Problem
When a large number of runs are triggered in Terraform Enterprise, such as from a VCS mono-repository, you may observe that many runs become stuck in the Plan queued or Apply queued state indefinitely.
You can observe this issue in the Kubernetes event log.
Check the events in the agent namespace.
$ kubectl -n terraform-enterprise-agents get events
The output shows a FailedScheduling warning due to insufficient memory.

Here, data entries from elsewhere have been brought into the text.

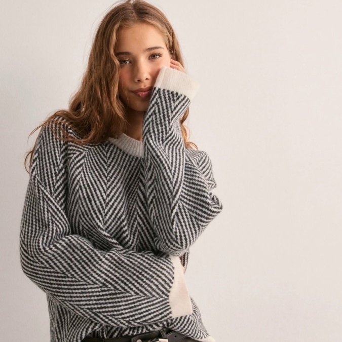 Composition: 55% Polyester – Recycled, 24% Polyester, 13% Acrylic, 5% Wool, 3% Elastane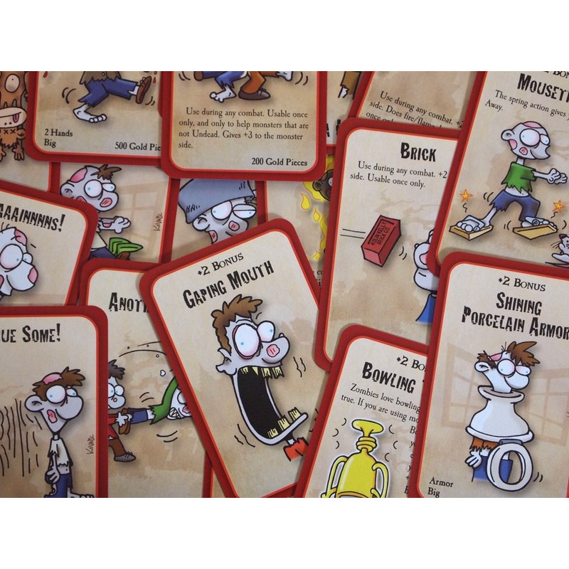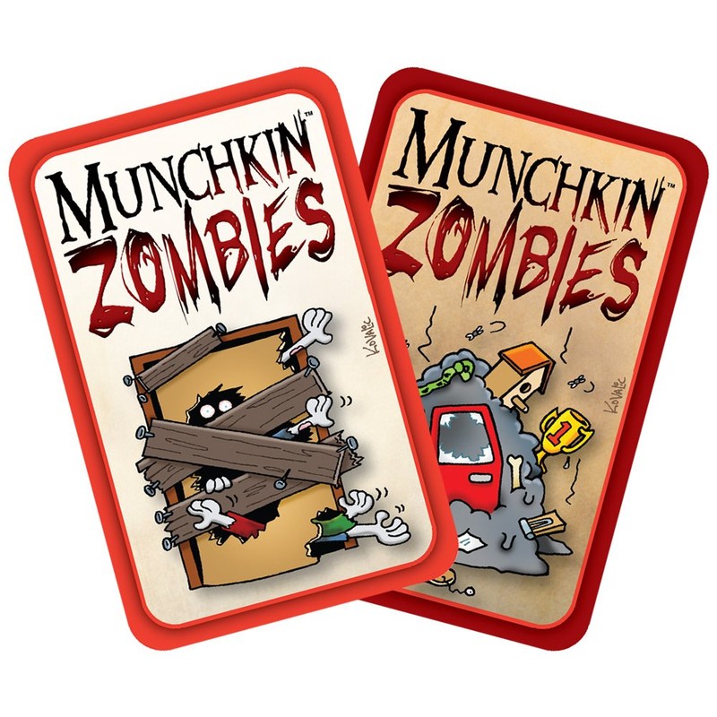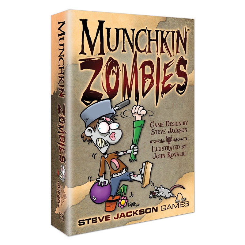 Braaiiinns! It’s the sickest, silliest Munchkin yet! The players are zombies, kicking down doors and eating brains. The “monsters” they’re attacking are people, some helpless and some hazardous, with a few rogue zombies thrown in. The armor is whatever they’ve blundered across during their lurching search for brains. So bravely the munchkins go forth, with mousetraps on their feet and a bowling trophy protecting their poor rotting heads . . . to level up, or to die. Again.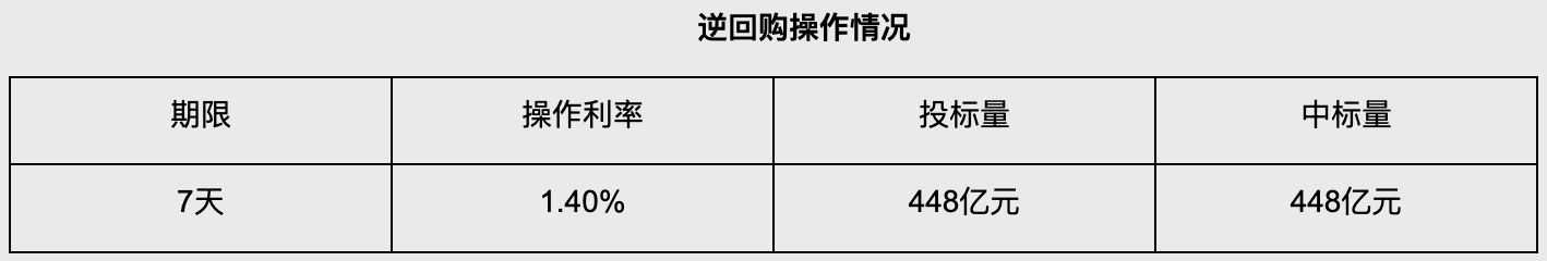 央行今日开展448亿元7天期逆回购操作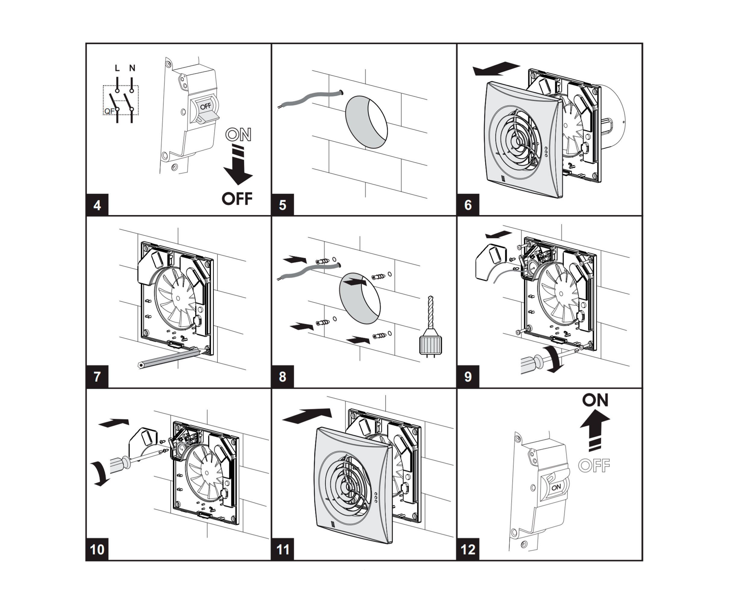 Подходит для монтажа в вентиляционный канал диаметром 100 мм для настенной или потолочной установки. Если вент шахта находится далеко от необходимого места размещения, можно использовать гибкие воздуховоды.
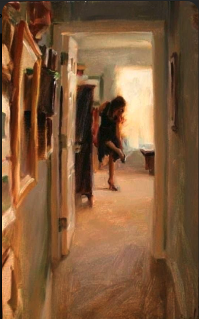 I was leisurely scrolling down the picture, enjoying her anticipation of a night out. Then I came to your comment and guffawed at the total change of feel.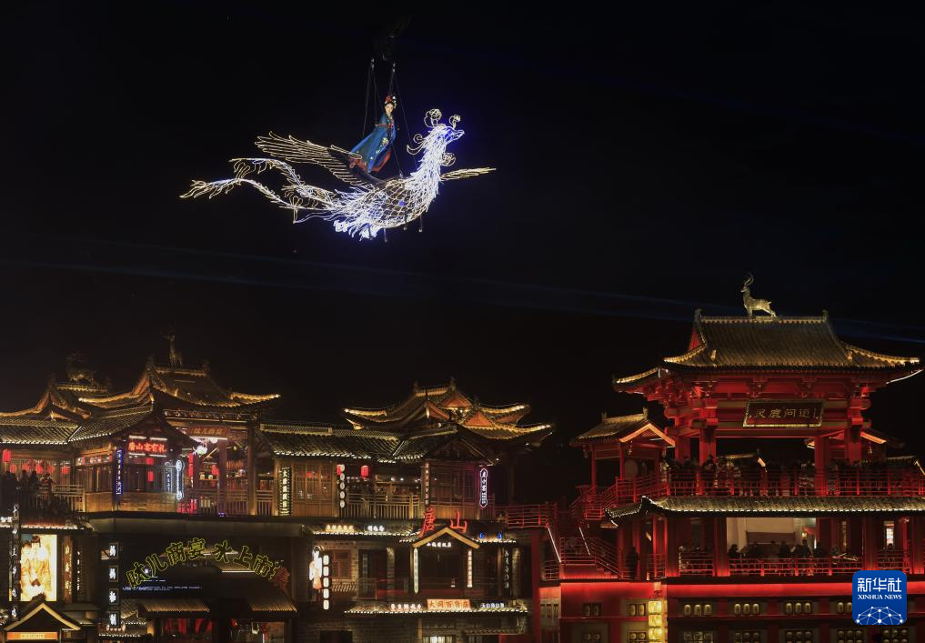 1月17日,演员在河头老街为游客表演“凤凰飞天”。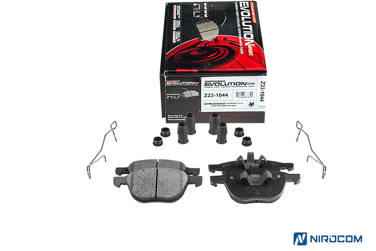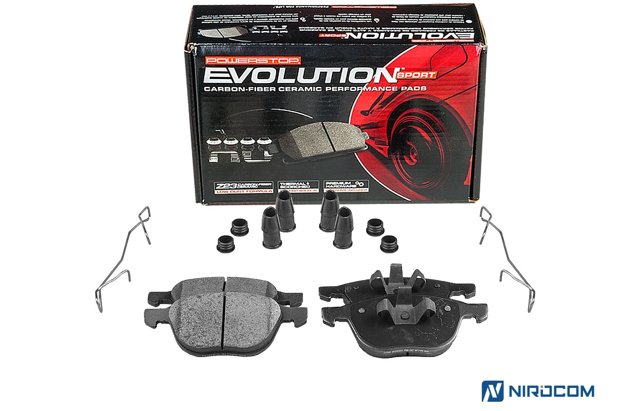 Серия колодок Z23 для любителей активной езды, желающих получить максимальную отдачу от своего автомобиля, не жертвуя повседневной управляемостью. Эти колодки работают при еще более высоких температурах (по сравнению с колодками Evolution Z17). Также был увеличен коэффициент трения, что дает возможность использовать эти колодки на стоковых тормозных суппортах даже при существенном увеличении мощности двигателя. PowerStop Evolution Z23 – это керамический состав, укрепленный углеродными (карбоновыми) волокнами. На практике это высокотемпературная колодка, стойкая к износу с повышенным коэффициентом трения. Колодки серии Z23 относятся к классу "улица/трек", в то время как Z17 – "уличная" колодка. Иными словами, Z23 PowerStop способна легко переварить нагрев до 660С, а также показать более стабильный коэффициент трения – класс FG (0,46-0,55). У колодок серии Z17 класс трения FF (0,36-0,45).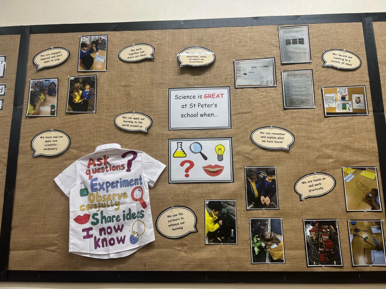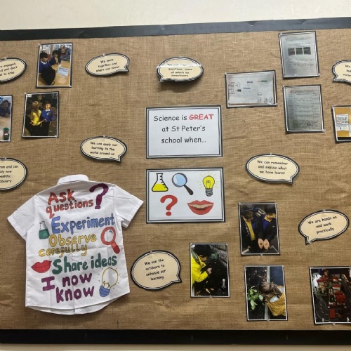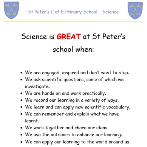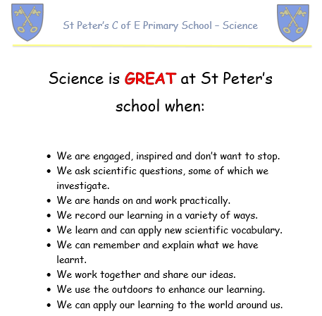 At St Peter’s C of E Primary School ‘Every Child of God Matters’ The Science Curriculum at St Peter’s is inclusive, engaging and exciting and provides a foundation for understanding the world. We strive to foster children’s natural curiosity and to inspire awe and wonder. We aim for a culture of raising questions and making decisions about how to answer them. Pupils will achieve through discussing, planning and carrying out a range of scientific enquiries, developing a rich scientific vocabulary through which to communicate their ideas.
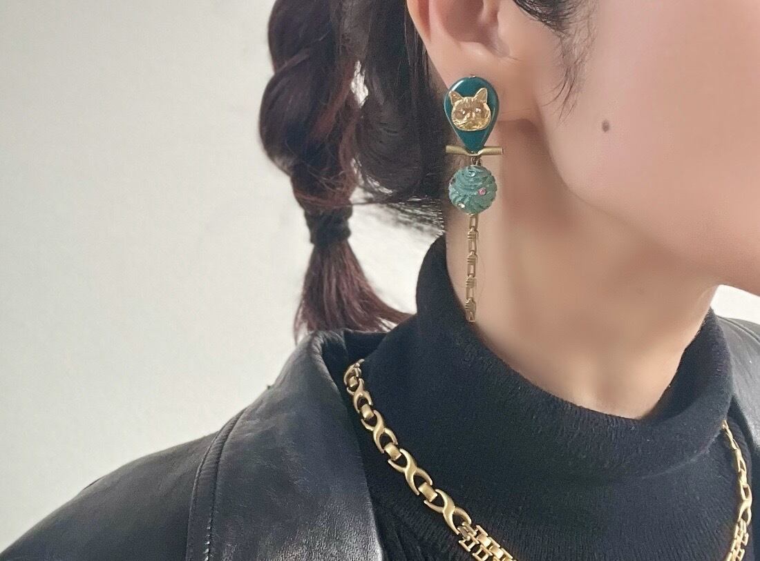 お茶目なのにどこかシックな雰囲気があり、装いの良いアクセントになる一品です。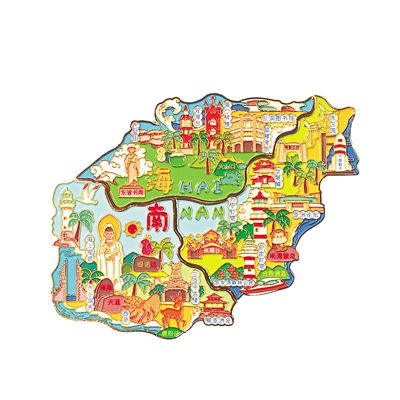 海南省博物馆结合大力神图腾、东坡文化等,推出了多款冰箱贴。其中,设计人员以曾经的贡品——黎族五龙出海图龙被为灵感,设计出了一款精美的五龙出海冰箱贴;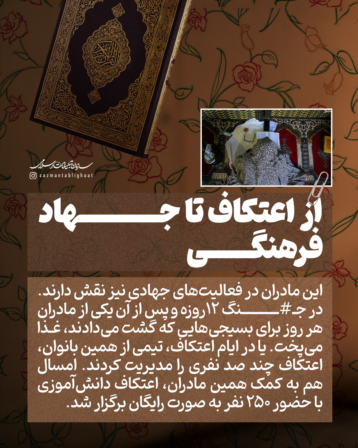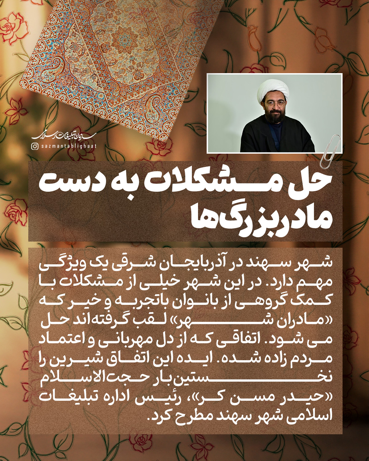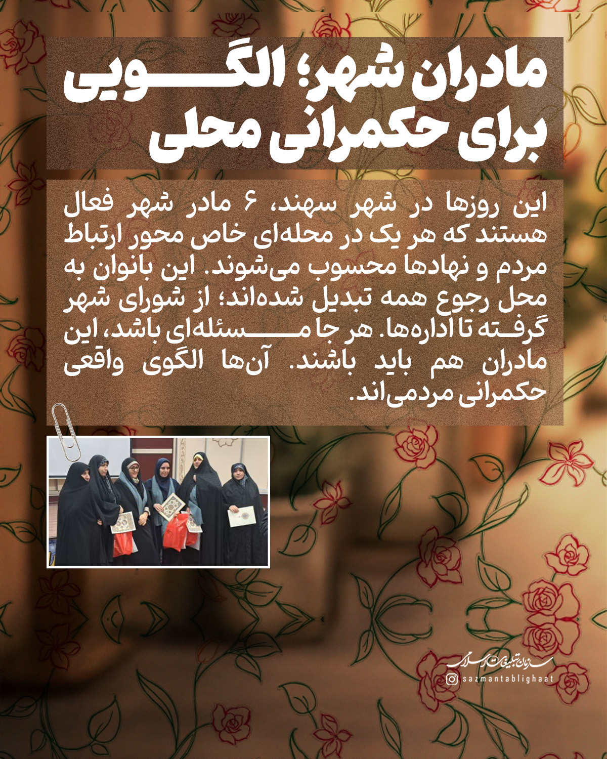 به گزارش روابط عمومی سازمان تبلیغات اسلامی، در شهر سهند آذربایجان شرقی، گروهی از بانوان خیر و باتجربه با نام «مادران شهر» نقشی کلیدی در حل مشکلات محلات ایفا میکنند. این طرح که به ابتکار حجتالاسلام حیدر مسنکر، رئیس اداره تبلیغات اسلامی سهند، شکل گرفته، مادران محلی را به حلقه ارتباط میان مردم و نهادهای شهری تبدیل کرده است. از کمک به خانوادههای نیازمند و مدیریت اعتکاف گرفته تا میانجیگری در مسائل اجتماعی؛ الگویی برای حکمرانی مردمی. در این شماره از نشریه دیجیتال از سهند و طرح مادران شهر میخوانیم.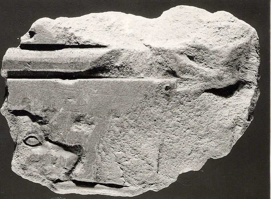 Part of a very fragmentary scene of men with monkeys and baboon (see 26.3.354-4-related), depicted here is the head of baboon. The register line above shows that it would have been placed near the top of the scene.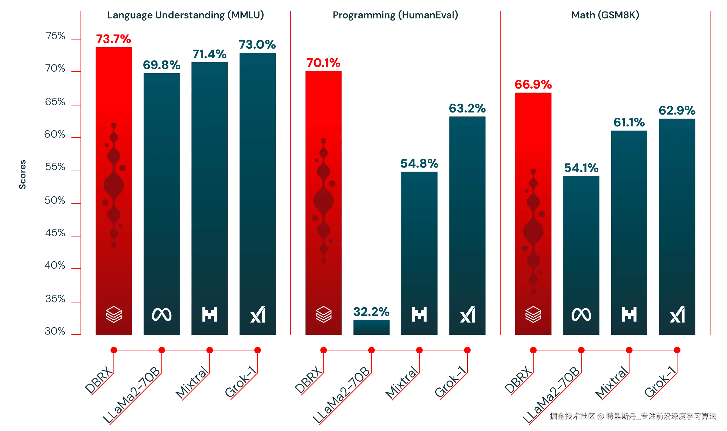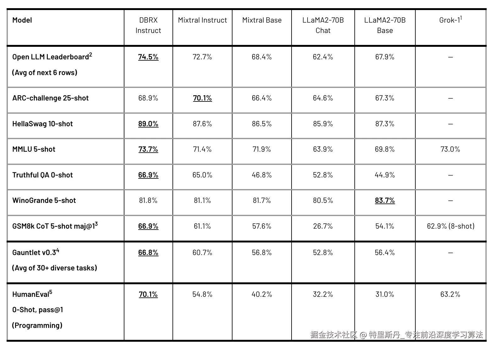 - the Databricks Gauntlet (66.8% vs. 60.7% for the next highest model, Mixtral Instruct).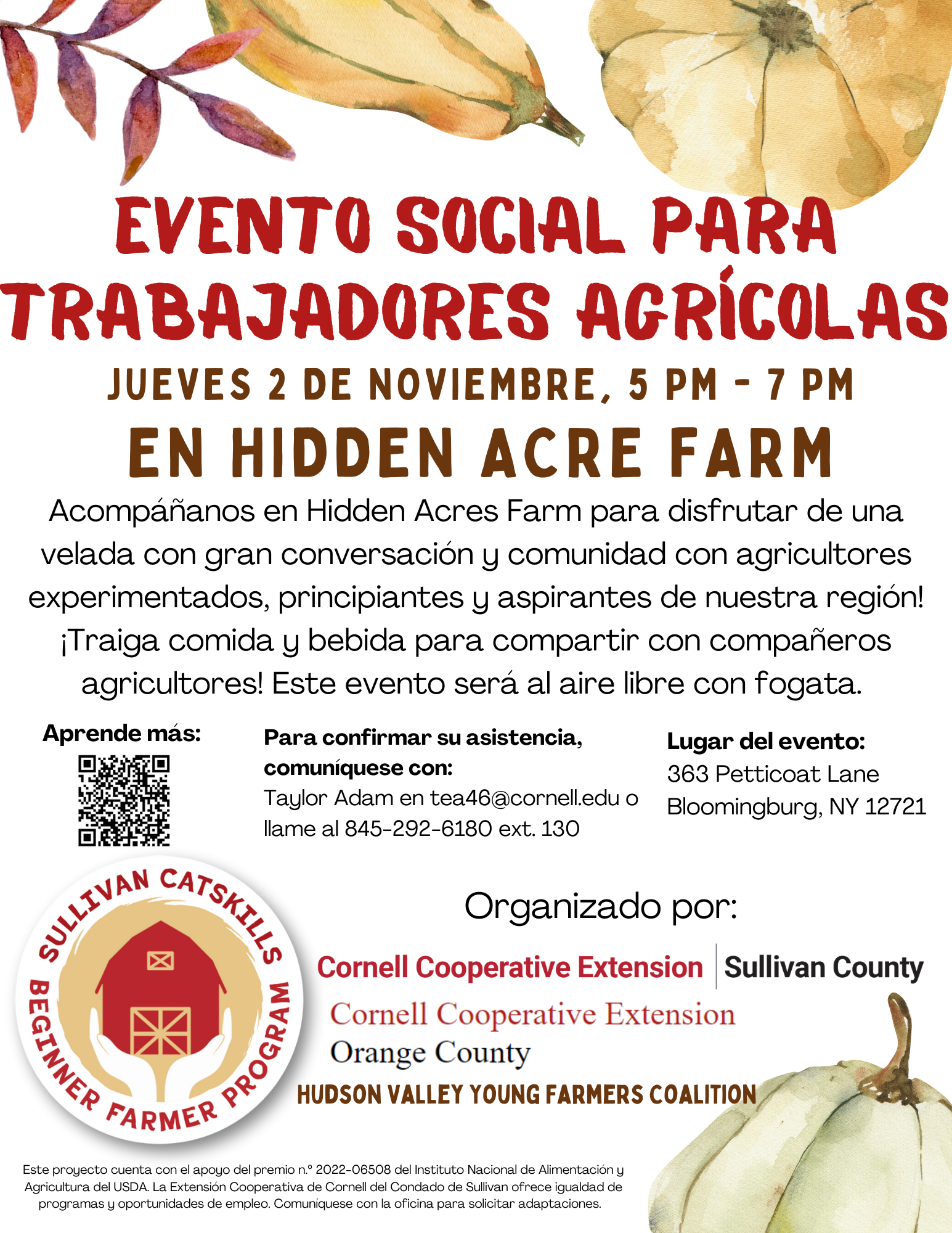 ¡Este evento es organizado por la Extensión Cooperativa de Cornell del Condado de Sullivan, la Extensión Cooperativa de Cornell del Condado de Orange, y la Coalición de Jóvenes Agricultores del Valle de Hudson.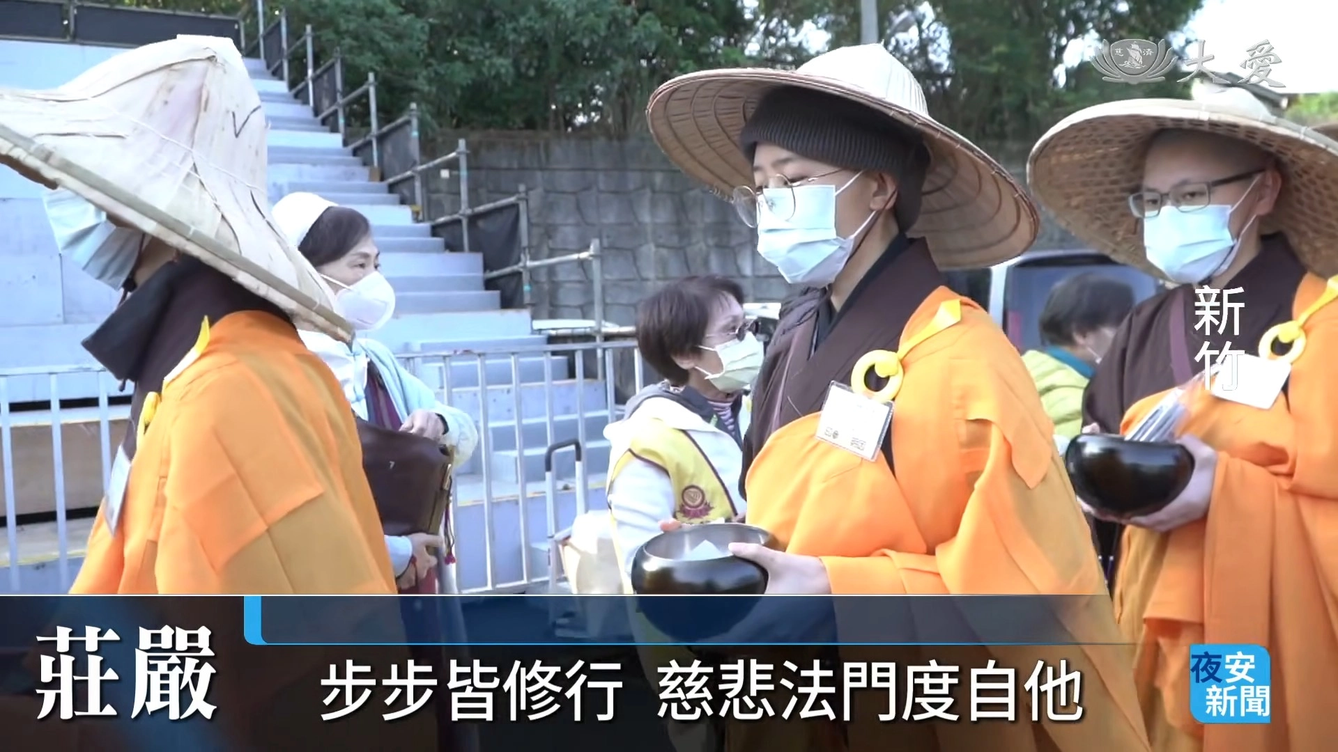 新戒子托缽行化這天,現場會眾把握難得因緣,向戒子行虔誠供養。(圖片來源:大愛新聞擷取畫面)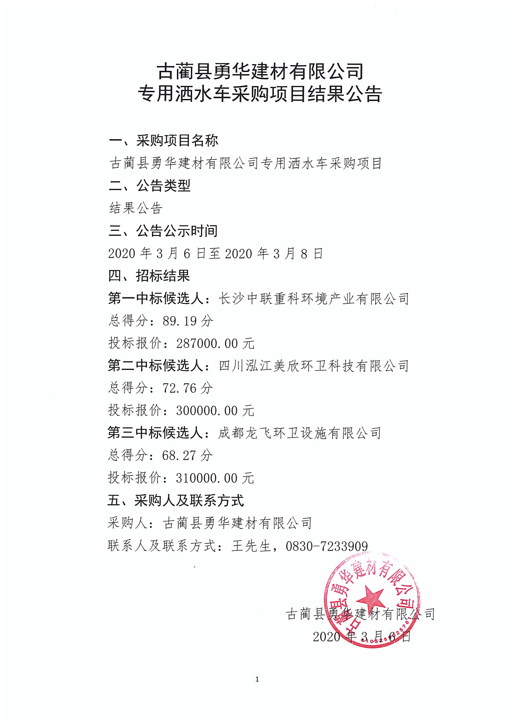 專用灑水車采購項目結(jié)果公告

11m Warning FailedScheduling pod/tfe-task-fe14c45c-83ea-4d7b-9dba-9c54f8057347-5df5z 0/1 nodes are available: 1 Insufficient memory. preemption: 0/1 nodes are available: 1 No preemption victims found for incoming pod.
Prerequisites
- Terraform Enterprise installed in a Kubernetes environment.
Cause
The stuck runs are typically caused by insufficient memory in the Kubernetes cluster. When a run is triggered, Terraform Enterprise attempts to schedule a new agent pod. If the cluster nodes lack the available memory to meet the pod's request, the pod cannot be scheduled, and the run remains queued.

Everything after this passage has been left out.